The best chest workout for size would be one with a ton of volume in the medium-heavy weight range. 6-12 reps is the range of reps which best work the Type 2B muscle fibers. These are your strength, size, and speed fibers and they are the ones that swell the most when they are loaded with glycogen. It’s this glycogen which makes them white. Hence the name white fibers.
To swell white fibers we want to pump a ton of water in them. This causes the fascia that surrounds muscle to stretch allowing those muscles to get bigger. To force water into the fibers we need creatine, carbohydrates and amino acids. All of those are transported into the muscle cell by the Glut 4 transporter.
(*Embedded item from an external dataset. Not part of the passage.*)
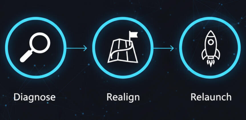We use a proven 3-step process to take your project from chaos to clarity. First, we Diagnose the root causes. Next, we Realign your team with an actionable roadmap. Finally, we guide the Relaunch to ensure a successful delivery.
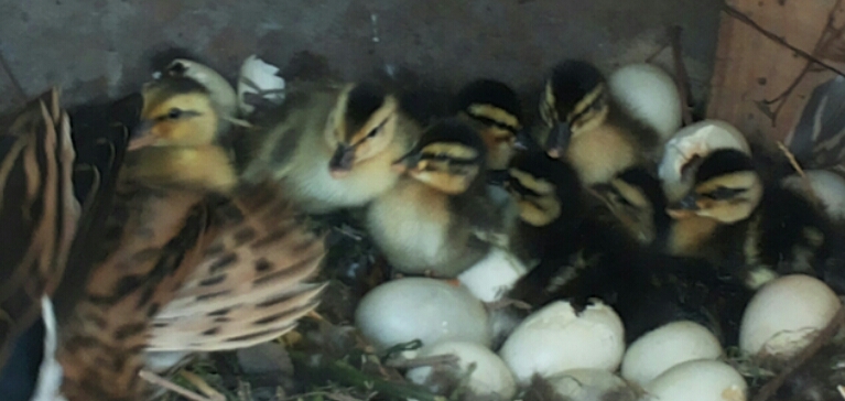 Praticamente ci ha messo 35 giorni per far schiudere le uova..ma nn n'è che hai delle anatre mute con i germani..? Potrebbero essere nati dei mullard...

This transporter can be increased with insulin (from ingesting carbs) or from a number of ingredients I put in the new mid workout drink Half Time. Half Time is designed to load glycogen into the muscle while you train without any insulin release. It works perfect with Wyked 2.1 pre workout which helps open the vessels to get as much nutrients to the muscles as possible and the use of T2 which signals the Type 2B fibers to swell as well. These 3 things together gives an unbelievable pump when coupled with this medium-heavy rep range of 6-12 reps.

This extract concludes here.